Solving AC Homework: e(t),i(t),Ul(t),Ur(t),Uc(t),Urc(t),Url(t)

[builder_user]

I see.Thanks
I've found
Uc(t)=7.7328-16.0384j
Ul(t)=0.0014+0.003j
Ur(t)=0.224+0.108j
e(t)=7.9554-15.92746j
Are the result correct? 'cause I'm not sure...

 

[gneill]

I'll have to re-work the problem; I've lost track of the calculations that I did previously. It may take a while, as I've got several things on the go at the moment. I hope that's okay.

To summarize, you are given a series RLC circuit and an expression for the voltage waveform that exists across the inductor and capacitor combination. The inductor is L = 3mH, the resistor is R = 4 Ω, and the capacitor is C = 200μF. The order of the components seems to change depending upon what voltages are to be calculated.

The current across the series connected LC pair is given to us as:

Ulc = 17.89V*sin(1000(degrees/s)*t - 64 degrees)

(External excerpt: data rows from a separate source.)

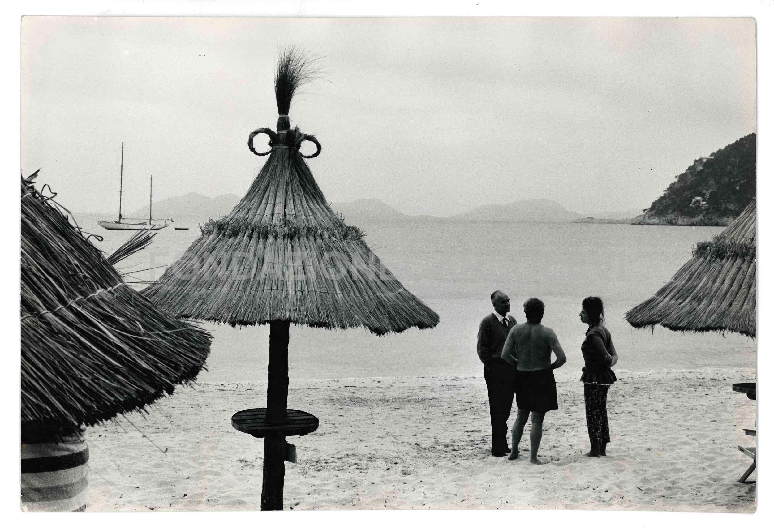 soggetto Levi con Alberto Moravia e Luisa Orioli sulla spiaggia con gli ombrelloni di paglia
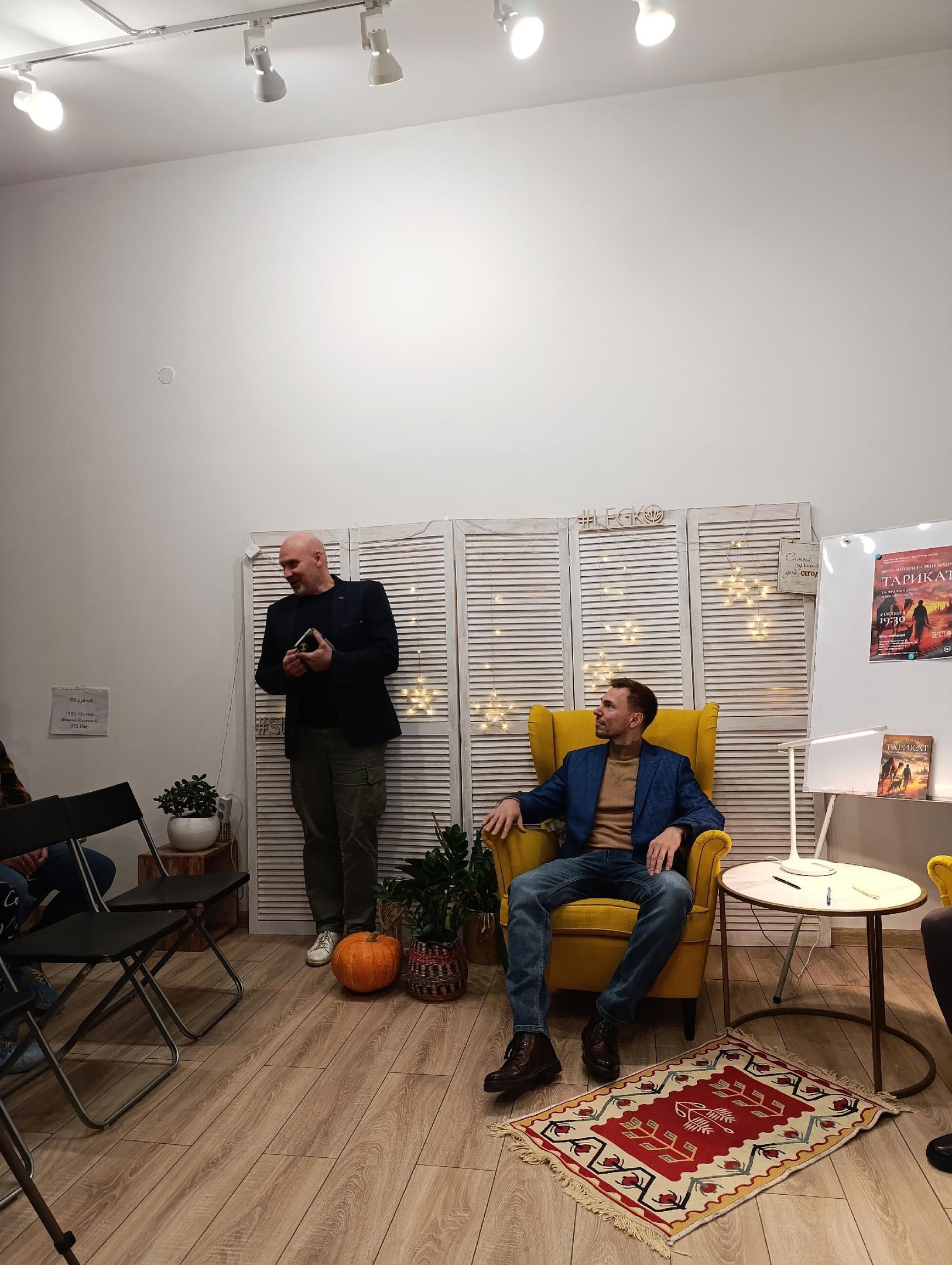А вот презентация совершенно другое дело. Каждый гость, переступивший порог арт-пространства, где проходила встреча, вселял в меня уверенность и разжигал кураж. Каждого я воспринимал как подарок свыше и старался быть радушным хозяином (надеюсь, мне удалось:) Ваши взгляды, ваши улыбки и, конечно, вопросы – все это наполняло меня совершенно особым чувством ликования и глубокого внутреннего удовлетворения: я смог, я красавчик, я на своем месте.
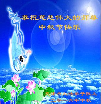 尊敬的师尊: 值此中秋佳节之际,恭祝慈悲伟大的师尊中秋快乐! 我和母亲同修会按照师尊的教诲勇猛精進,修去执着心,跟上正法進程。 天津母女大法弟子敬上 2016年9月11日 天津塘沽新港大法弟子恭祝师尊中秋节快乐!
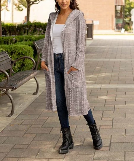 Fend off cooler temperatures in this cozy cable-knit hooded duster featuring pockets to warm your hands or carry little necessities.
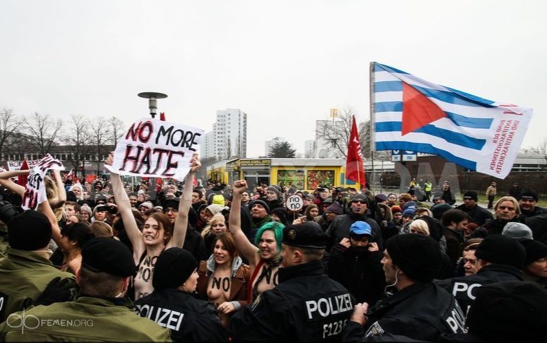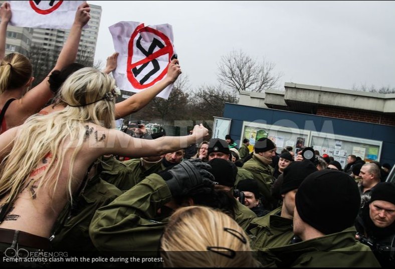 "FEMEN-Germany поділяє принципи німецького антифашистського руху і вимагає повної заборони будь-яких неофашистських політичних і культурних об'єднань. FEMEN заявляє, що такі історичні інститути як фашизм, церква, сталінізм та інші репресивні машини не мають права на актуальне існування і заслуговують скинення і забуття", - йдеться у повідомленні FEMEN.
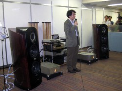22日13時から開催されたのは、山之内氏によるセミナー「最高峰のPCオーディオを聴く」。リンのKLIMAX DSとフェーズテックのHD-7A、再生ソフトとしてAmarraやSongbirdを使用。CDをリッピングしたロスレス音源や、リンレコーズのマスタークオリティ音源、USB音源などを用意し、現在考え得る最高のクオリティのものを集めている。会場は入り口まで人で埋まるほどの大盛況となった。
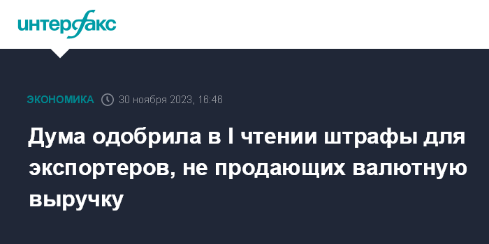 Москва. 30 ноября. INTERFAX.RU - Госдума приняла в первом чтении законопроект, который возвращает в КоАП действовавшие ранее штрафы за невыполнение обязанности по продаже экспортерами иностранной валюты на внутреннем рынке РФ, норма была отменена в 2013 г. Правительство и правовое управление парламента отмечают, что норма не может быть введена ретроспективно, как предлагают депутаты.
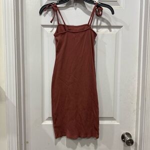 Chic rust mini dress with tie straps. Perfect for casual outings.
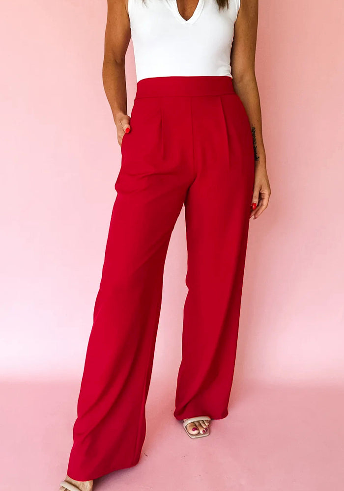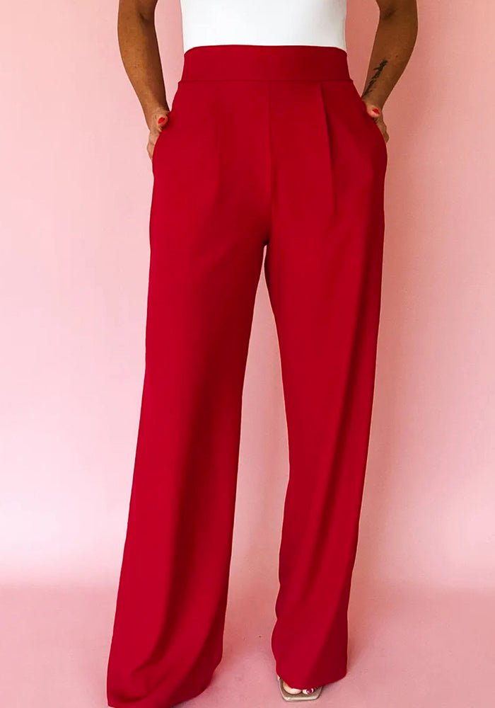 Fiery Red Pleated Detail Pull On High Elastic Waist Loose Straight Pants
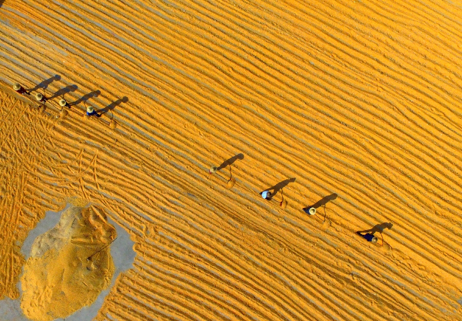 Aerial photo taken on Oct. 11, 2018 shows farmers airing newly-harvested corn grains in Pingyi County of Linyi, east China's Shandong Province. (Xinhua)
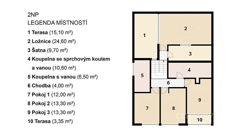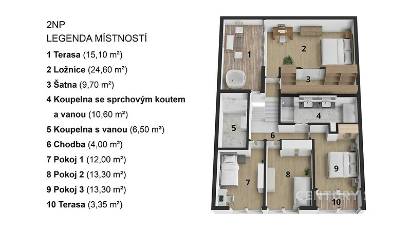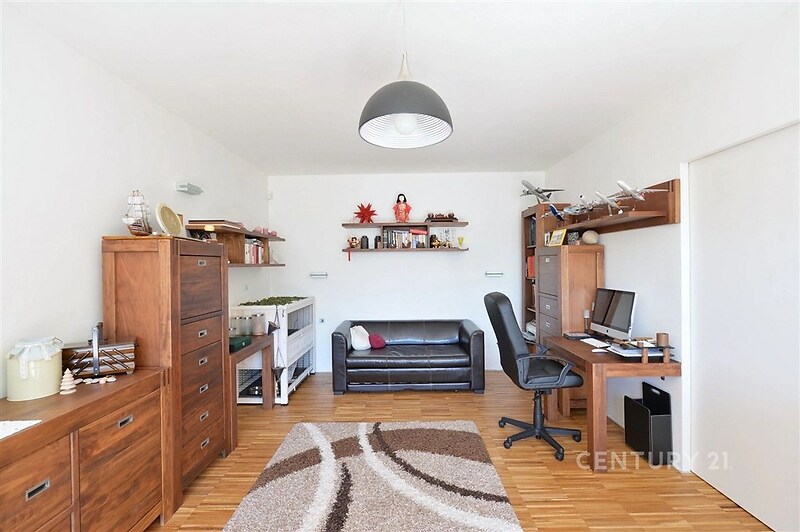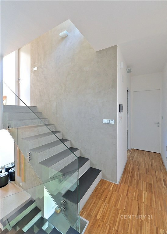 Rádi byste bydleli v moderním domě v uceleném rezidenčním projektu u rybníka, lesa a zároveň do půl hodiny autem do širšího centra Prahy? Poté resort rodinných domů Terasy Unhošť navržený uznávaným architektonickým studiem A69 architekti s.r.o. by mohl být tou pravou volbou pro Vás. Tento rodinný dům o dispozici 5+kk kolaudovaný v roce 2012 má užitnou plochu 158 m², k tomu zahradu o velikosti 224 m², dvě prostorné terasy a dvougaráž pro 2 auta. Dům se nachází na prestižní adrese, v nejžádanější řadě největších domů celého resortu směřující k rybníku v poslední ulici Terasy V. Dům je dvoupodlažní, respektive originálně navržený jako "zigzag" mezipatra. Srdcem domu je velkoryse řešený obývací prostor s krbem na dříví a kuchyňským koutem nádherně prosvětlený díky velkoformátovým francouzským oknům po celé délce stěny, které umožňují přímý vstup na zahradu přes slunnou terasu a široké výhledy do bohaté zeleně přes zahradu a rybník do dáli. U vstupu do domu je předsíň a samostatná toaleta a vstup do obývací části. Po pár schodech se dostanete do mezipatra, kde jsou vedle sebe umístěné 3 téměř stejně velké pokoje s okny směřujícími do zahrady, jeden z nich s terasou. Dále jsou v mezipatře 2 koupelny se sanitou značky Duravit a Sapho, jedna velká s vanou a sprchovým koutem po celé šíři koupelny, druhá s vanou a toaletou. V nejvyšší úrovni domu se ukrývá ložnice s walkin šatnou a přímým vstupem na terasu, která nabízí úplné soukromí, ideální prostor pro umístění vířivky a odpočinkových lehátek. Zahrada je osazena keři a menšími stromy, je navržená jako bezúdržbová, s automatickým zavlažováním ovládaným na dálku a díky rovinatému povrchu se o sekání trávy postará robotická sekačka. Na procházku k rybníku je to z domu pouhých pár kroků díky vstupu přes uzamykatelnou branku přímo ze zahrady. Dům je postaven z nadstandardních materiálů, ve výrazně vyšším standardu než později postavené řady menších domů od ulice Křivoklátská, navazující na tento původní projekt Terasy Unhošť. Komfort bydlení zvyšují předokenní žaluzie, podlahové vytápění, hliníkové rámy oken a celkové praktické rozvržení místností tak, aby bylo pro všechny zajištěno soukromí v maximální míře. Vytápění domu a ohřev vody zajišťuje plynový kotel značky Vaillant. Město Unhošť je pouhých 15 minut od Prahy díky rychlému spojení dálnicí, na metro Zličín do 20 minut, do Kladna za 10 minut. Autobusové spoje mezi Prahou a Unhoští jsou zajištěny několikrát denně. Je zde kompletní občasná vybavenost, od školek a základních škol, přes lékaře a několik restaurací a kaváren, supermarkety jako Penny market a Lidl až po bohaté sportovní vyžití. Splňuje tento dům představu o Vašem novém domově? Ozvěte se mi a domluvme se na prohlídce, při které nejlépe navnímáte toto jedinečné místo, které se může stát Vaší oázou klidu a bezpečným domovem.
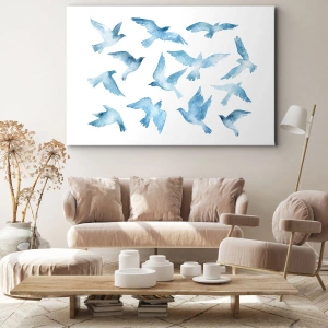 Lærredstryk - Billede på lærred - Blåfugle - 65x120 cm
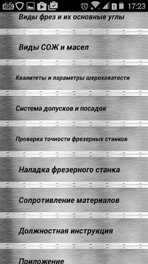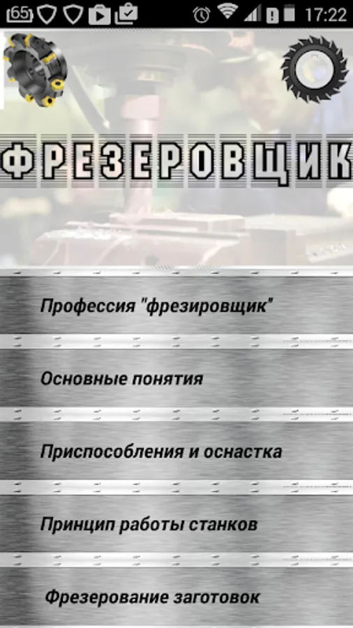 Concepts, milling, device and principle of operation of the same type milling machines, name, labeling and the basic properties of the processed materials; name, appointment and conditions of use of the most common devices, device control and measuring instruments, types of cutters and their basic angles, the purpose and properties of fluids and oils; Tolerances and landing system; kvalitet and roughness parameters, the design and verification of complex rules on the accuracy of the universal milling and copying, jig boring, horizontal, vertical and special milling machines of various types and designs; calculations related to adjustment of machine tools; resistance materials as well as the job description and more necessary in the miller.
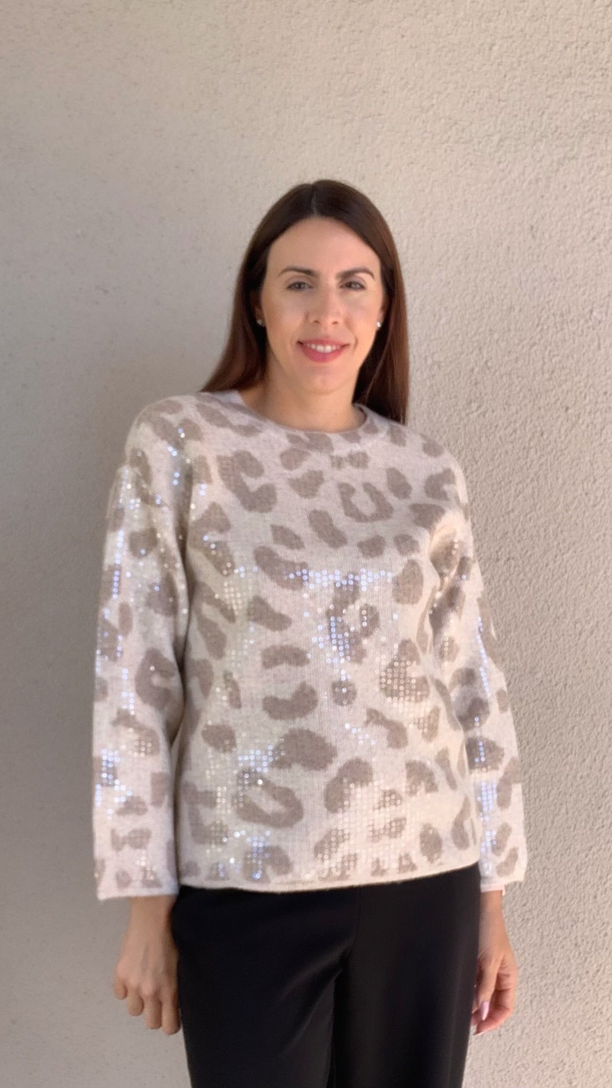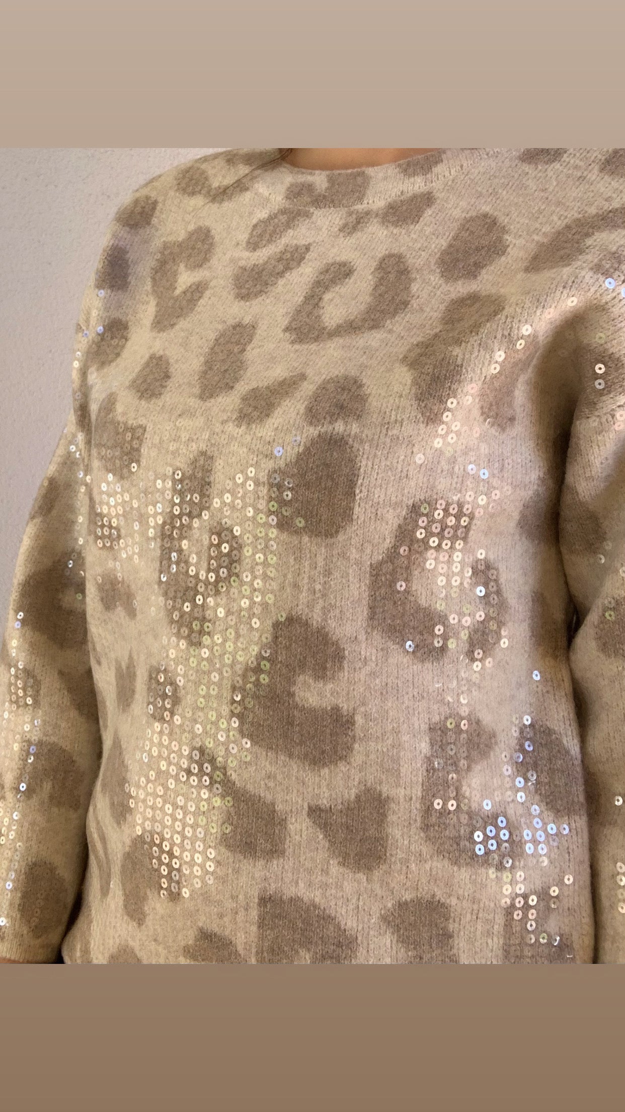 Elevate your style with this Animal Print Long Sleeve Crew Neck Sequin Sweater. Featuring shimmering sequins and a bold animal print, it effortlessly combines edgy flair with cozy comfort. Perfect for making a statement at any event, its soft fabric and classic crew neck ensure you stay comfortable while turning heads. Add a touch of sparkle to your wardrobe and stand out with confidence wherever you go.
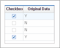 You can merge two or more cells to make them look like a single cell. However, even if the merged cell has child cells, it operates as a single cell, so you cannot edit it immediately. The example shows how to process checkboxes contained in merged cells.
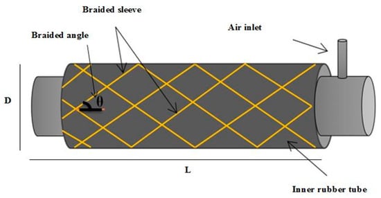 The construction of the PMAs formed its behaviour as a contractor or an extensor actuator. The basic structure of the pneumatic muscle actuator is illustrated in Figure 1. L and D are the length and the diameter of the actuator respectively, while the initial values are denoted as L0 and D0, where their values vary according to the dimensions of both the inner tube and the braided sleeve. The braided angle θ at relaxed condition (unpressurised) controls whether the actuator will act as an extension or contraction muscle. The braided angle less than 54.7° leads to produce a contractor PMA [28], while, the actuator behaves as an extensor PMA if the initial braided angle is greater than 54.7° [15,27,39].
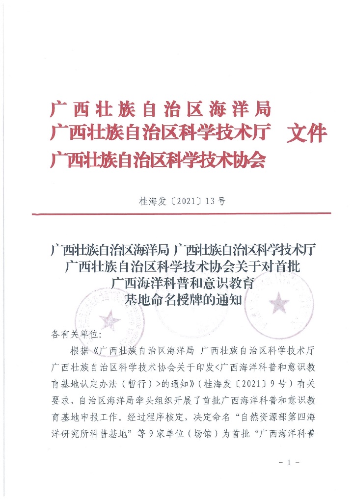 近日,自治区海洋局、自治区科学技术厅、自治区科学技术协会联合下发《关于对首批广西海洋科普和意识教育基地命名授牌的通知》,“伟德国际唯一官网涠洲岛珊瑚馆”位列其中。
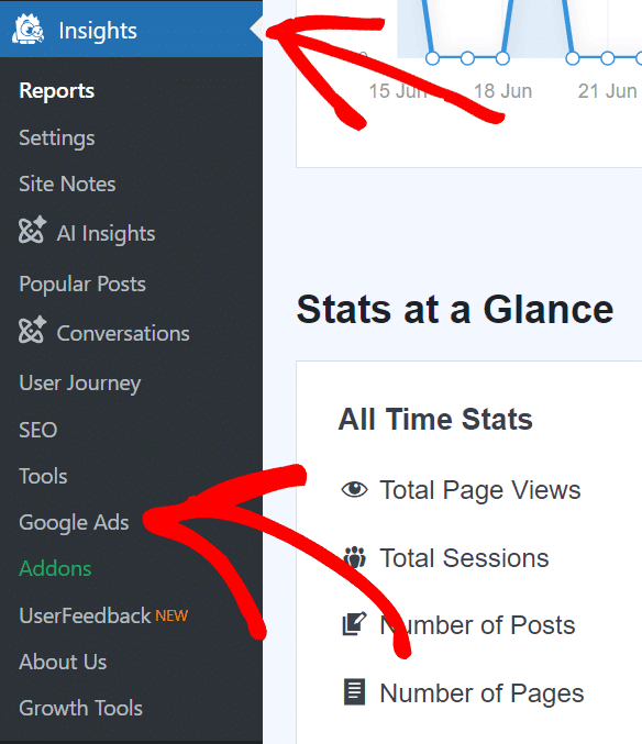 Log into your website’s admin area and click Insights in the sidebar. Then, under Insights, click Google Ads.
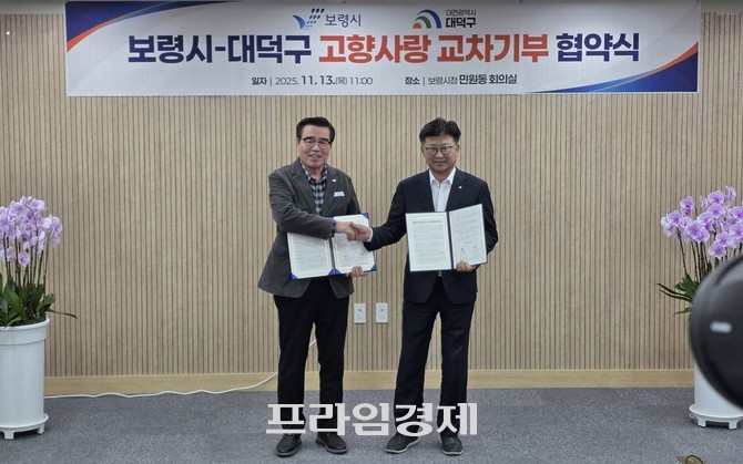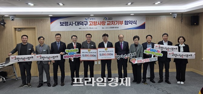 김동일 보령시장은 "교차기부 협약이 양 지자체 간 우호 증진과 상생 협력의 계기가 되길 바란다"며 "기부금은 시민 복리 증진과 지역 발전을 위한 사업에 소중히 사용하겠다"고 밝혔다.

You are looking to find the values for the voltage supply e(t), and the voltages across the individual components as well as several (shuffled) component pairs, and the reactive and complex power used by the circuit. Does that about sum it up?

 

[builder_user]

yes.

I've found P
p=e(t)*I*=e(t)*0.027j=0.43+0.216j
P-reactive - - - - - - 0.216 var?
P-active - - - - - - - - - - 0.43 W?

 

[gneill]

Values that I'm seeing (To compare with the values you've calculated):

For:
ω = 1000 deg/sec; φ = -64° ; B = 17.89V; Ulc(t) = B*sin(ωt + φ)
R = 4Ω ; L = 3mH ; C = 200μF

Impedances:
ZL = 52.36 mΩ {milli Ohms}
ZC = -286.48Ω
ZLC = -286.48Ω {ZL + ZC}
Z = 4 - 286.48Ω {Total impedance of series RLC}

Phasors:
Ulc = B(cos(φ) + jsin(φ)) = 7.842 - j16.079 V ; |Ulc| = 17.89V ; Angle: -64°

I = Ulc/ZLC = 0.056 + j0.027 A ; |I| = 62.46 mA ; Angle: 26°

e = I*Z = 8.067 - j15.97 V; |e| = 17.89 V ; Angle: -63.2°

Ul = I*ZL = -1.434 + j2.939 mV ; |Il| = 3.27 mV ; Angle: 116°

Uc = I*ZC = 7.844 - j16.082 V; |Uc| = 17.89 V ; Angle: -64°

Ur = I*R = 0.225 + j0.11 V ; |Ur| = 250 mV ; Angle: 26°

Power:
P = e * conjugate(I) = 0.0156 - j1.117 W ;
|P| = 1.12 VA {Apparent power}
Re(P) = 0.0156 W = ; 15.6 mW {Real power dissipated}
Im(P) = -1.12 VAR {Reactive power -- negative means it's "capacitive" looking - current is leading voltage}

 

[builder_user]

Some of your results are similar to mine but some of them are completely different.
I think your results are correct so I'll use them.

P = e * conjugate(I) = 0.0156 - j1.117 W ;

I can't get this result

 

[gneill]

Some of your results are similar to mine but some of them are completely different.
I think your results are correct so I'll use them.

You should check your math to see if you can't arrive at the same results; it's important to be able to work these sorts of problems before things get even more complicated! Besides, you never know, I might have mucked up somewhere!

P = e * conjugate(I) = 0.0156 - j1.117 W ;

I can't get this result

You may need to hang on to more decimal places in your intermediate results.

e = 8.0670 - j15.9699 V
I = 0.0561 + j0.0274 A

e*conj(I) = (8.0670 - j15.9699)*(0.05614 - j0.02738) W

= [8.0670 x 0.05614 - (-15.9699 x -0.02738)] + j[-15.9699 x 0.05614 + 8.0670 x -0.02738]

= [0.4529 - 0.4373] + j[-0.2209 + -0.8966]

= 0.0156 - j1.117

 

[builder_user]

I've already checked it. The core of the problem was accuracy.